Corona hat wieder einmal gezeigt, dass die Reichen nach ihren Profitinteressen handeln und die Gesundheit der Menschen zweitrangig ist. Die schlechte Bezahlung und die psychische Belastung im Gesundheitssystem sind heute schlimmer denn je. Dies müssen wir ändern!

53. Reto Weber

1968, Sozialarbeiter FH

Ich engagiere mich für eine Sozialpolitik, die Wahlmöglichkeiten und echte Chancen zur Verwirklichung dieser Wahl gewährleistet und allen Menschen, unabhängig von Hautfarbe, Nationalität, körperlicher oder psychischer Beeinträchtigung oder sexueller Identität eine selbstbestimmte Lebensführung ermöglicht.

54. Seline Dubach

1995, Studentin

Es hätt mi glustet. Um neue Gestaltungsräume zu erkunden und mich in Prozesse einzubringen. Weil Winterthur eine vielfältig lebendige Stadt ist, die inspiriert und animiert.

55. Michael Hofer

1980, Gärtner

Ich kämpfe für soziale Gerechtigkeit und dafür, dass auch meine Stadt ihre Verantwortung für die Klimakrise wahrnimmt.

56. Susha Niederberger

1974, Kulturelle / politische Bildung zu Digitaltechnologie

Ich möchte mich einsetzen für die partizipative Gestaltung von Zukunft in den Bereichen Klima, Wohnen und Stadtentwicklung, und besonders auch Technologie für Menschen und Gemeinschaften statt Überwachung. Ganz allgemein für eine Stadt, die Platz und Möglichkeiten bietet für alle, die hier sind.

57. Jemina Reif

1999, Kauffrau

Winterthur ist eine Stadt voller Diversität und reich an verschiedenen Kulturen. Mir liegt es am Herzen, meine Heimatstadt in ihrer weiteren Entwicklung zu unterstützen und meinen Beitrag an ein gelungenes, nachhaltiges und von gegenseitiger Akzeptanz geprägtes Zusammenleben zu leisten.

58. Andreas Madianos

1984, Raumplaner

Das Velo ist das Verkehrsmittel der Zukunft. Dafür müssen wir in unserer Gegenwart die Grundlage schaffen und das will ich tun.

59. Eneas Yve Pauli

1995, Campaigner:in

Als nicht-binäre Person ist es notwendig, mich politisch zu engagieren.
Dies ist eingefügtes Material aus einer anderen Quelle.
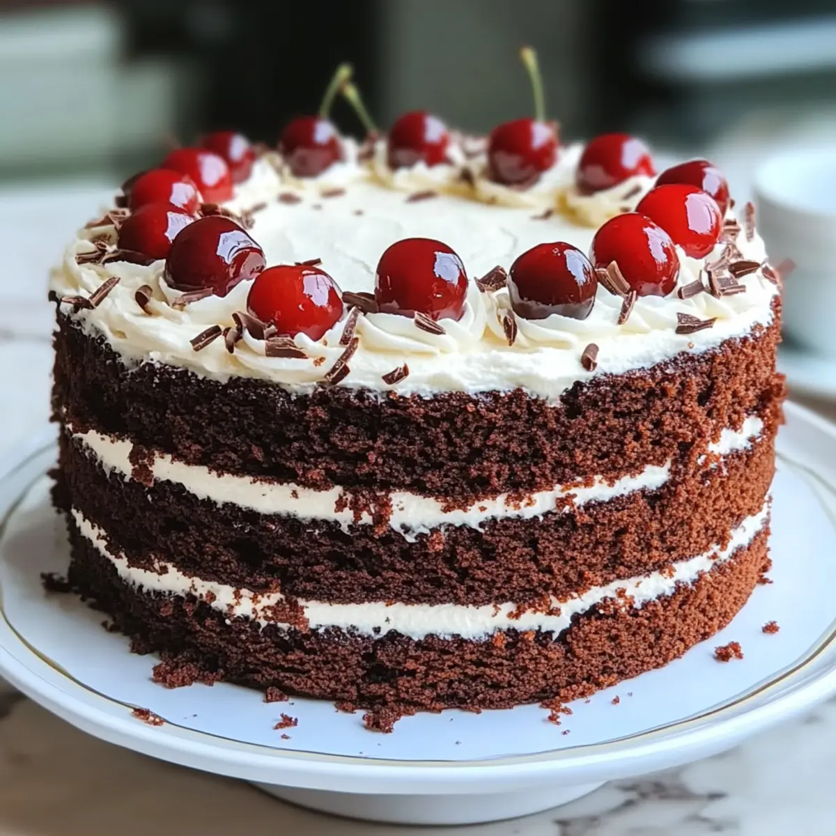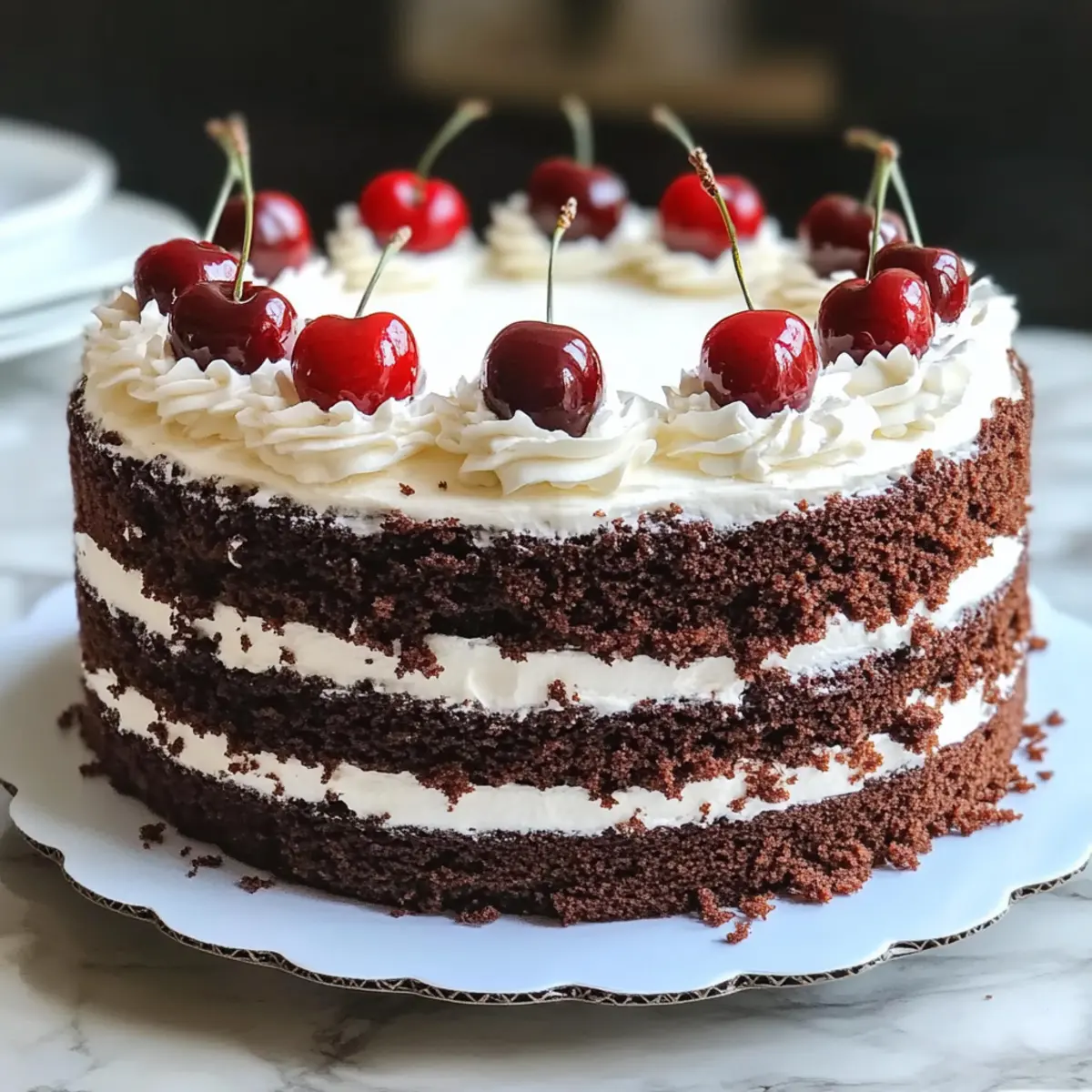 As I took my first bite of a homemade Black Forest Cake, I was transported to a charming German village, where the air was thick with the scent of chocolate and cherries. This delightful dessert is a sensational treat that pairs rich chocolate layers with luscious cherry filling and airy whipped cream frosting. Not only is this classic recipe a showstopper for any celebration, but it also allows you to enjoy the simplicity and joy of home baking without hours in the kitchen. The result? A perfect companion for family gatherings or a cozy night in. Ready to make your own slice of bliss? Let’s dive into crafting this irresistible Black Forest Cake that’s sure to impress! Why is Black Forest Cake a Must-Try? Irresistible Layers: Each slice reveals moist chocolate layers combined with a luscious cherry filling, making it a feast for the senses. Homemade Delight: With simple ingredients and straightforward steps, you’ll be creating a stunning masterpiece without excessive effort. Crowd-Pleasing Treat: This dessert is perfect for celebrations or just a weekend treat, sure to impress guests and family alike. Perfect Pairings: Enjoy it with coffee, dessert wines, or as an indulgent ending to a hearty meal. Timeless Classic: The blend of flavors and textures evokes warmth and nostalgia, highlighting the beauty of traditional baking. Now, unleash your inner baker and create your own version, diving into the delicious world of a Classic Black Forest Cake that will leave everyone asking for seconds! Black Forest Cake Ingredients A classic treat you’ll love! For the Cake Layers All-Purpose Flour – Forms the tender base for your delectable Black Forest cake. Cocoa Powder – Adds that deep, rich chocolate flavor that everyone craves. Granulated Sugar – Sweetens the batter, balancing the cocoa’s bitterness. Eggs – Provide structure and moisture to support those lovely layers. Vegetable Oil – Keeps the cake soft and moist, making every bite delightful. Buttermilk – Enhances the cake’s tenderness, giving it that perfect crumb. Baking Powder and Baking Soda – Essential for a fluffy rise, ensuring a light texture. Salt – A little pinch to enhance and balance all the flavors. For the Cherry Filling Cherry Filling or Cherries in Syrup – Brings that signature fruity sweetness to the cake. Kirsch or Cherry Juice – Keeps your cake moist while adding a hint of cherry flavor. For the Whipped Cream Frosting Heavy Cream – Whips into a rich, fluffy frosting that perfectly complements the chocolate. Powdered Sugar – Adds just the right amount of sweetness to the cream without overpowering it. Chocolate Shavings – Adds a decorative and flavorful touch to bring your cake to life. Step‑by‑Step Instructions for Black Forest Cake Step 1: Prepare the Oven and Cake Pans Preheat your oven to 350°F (175°C) and prepare two 9-inch round cake pans by greasing the sides and lining the bottoms with parchment paper. This ensures easy release after baking. As the oven heats, you’ll have the perfect environment for your Black Forest Cake to rise beautifully. Step 2: Combine Dry Ingredients In a large mixing bowl, whisk together 2 cups of all-purpose flour, 2 cups of granulated sugar, ¾ cup of cocoa powder, 1 tablespoon of baking powder, 1 tablespoon of baking soda, and ½ teaspoon of salt until well combined. The mix should be evenly blended with no lumps, providing a rich chocolate flavor and the proper structure for the cake layers. Step 3: Add Wet Ingredients Next, add 2 large eggs, 1 cup of buttermilk, ½ cup of vegetable oil, and 2 teaspoons of vanilla extract to the dry ingredients. Mix on medium speed until the batter is smooth and well integrated. Gradually pour in 1 cup of boiling water, which will thin out the batter and keep the cake layers moist while baking. Step 4: Bake the Cake Layers Divide the batter evenly between the prepared cake pans and smooth the tops with a spatula. Place them in the preheated oven and bake for 30-35 minutes, or until a toothpick inserted in the center comes out clean. Your Black Forest Cake layers should rise beautifully and develop a lovely, shiny crust. Step 5: Cool the Cakes Once baked, remove the pans from the oven and let them cool in the pans for 10 minutes. Then carefully transfer the cakes to a wire rack to cool completely. This process is crucial for ensuring a tender texture, allowing the layers to firm up without becoming soggy. Step 6: Prepare the Cherry Filling While the cakes cool, prepare the cherry filling by combining 2 cups of cherries in syrup and ⅓ cup of granulated sugar in a saucepan over medium heat. Stir until the juices are released and simmer for about 5-7 minutes. If you desire a thicker filling, mix 1 tablespoon of cornstarch with 2 tablespoons of water and stir it into the cherries until thickened. Step 7: Make the Whipped Cream Frosting In a separate bowl, whip 2 cups of heavy cream with ¼ cup of powdered sugar and 1 teaspoon of vanilla extract until stiff peaks form. This airy whipped cream will create a luscious layer between the chocolate and cherries, enhancing the overall decadence of your Black Forest Cake. Step 8: Assemble the Cake Once the cakes are completely cooled, place one layer on a serving plate. Spread a generous portion of whipped cream over the top, followed by half of the cherry filling. Carefully place the second cake layer on top and repeat the process with whipped cream and cherries. Finally, frost the sides and top of the cake with the remaining whipped cream. Step 9: Chill Before Serving Refrigerate the finished Black Forest Cake for 2-3 hours, allowing the flavors to meld beautifully and the cake to firm up. This chilling period not only enhances the taste but also helps in slicing the cake with precision. Step 10: Garnish and Enjoy Before serving, decorate the top of your chilled Black Forest Cake with chocolate shavings and a few fresh cherries for a stunning presentation. Slice into gener

Hier unter meinen Nachbar:innen ist dazu genau der richtige Ort. Ich stehe dafür ein, dass Menschen aus der ganzen LGBTQIA+ Community in unserer Gesellschaft einen sicheren Platz finden.

60. Frank Winter

1973, Berufsschullehrer

Gerne möchte ich daran mitwirken, eine solidarische Stadt Winterthur zu gestalten, die für alle demokratisch kompatiblen Lebens- und Weltorientierungen offen und einladend ist und die Menschen in Status- und Lebensschwierigkeiten gleich welcher Art stützend unter die Arme greift.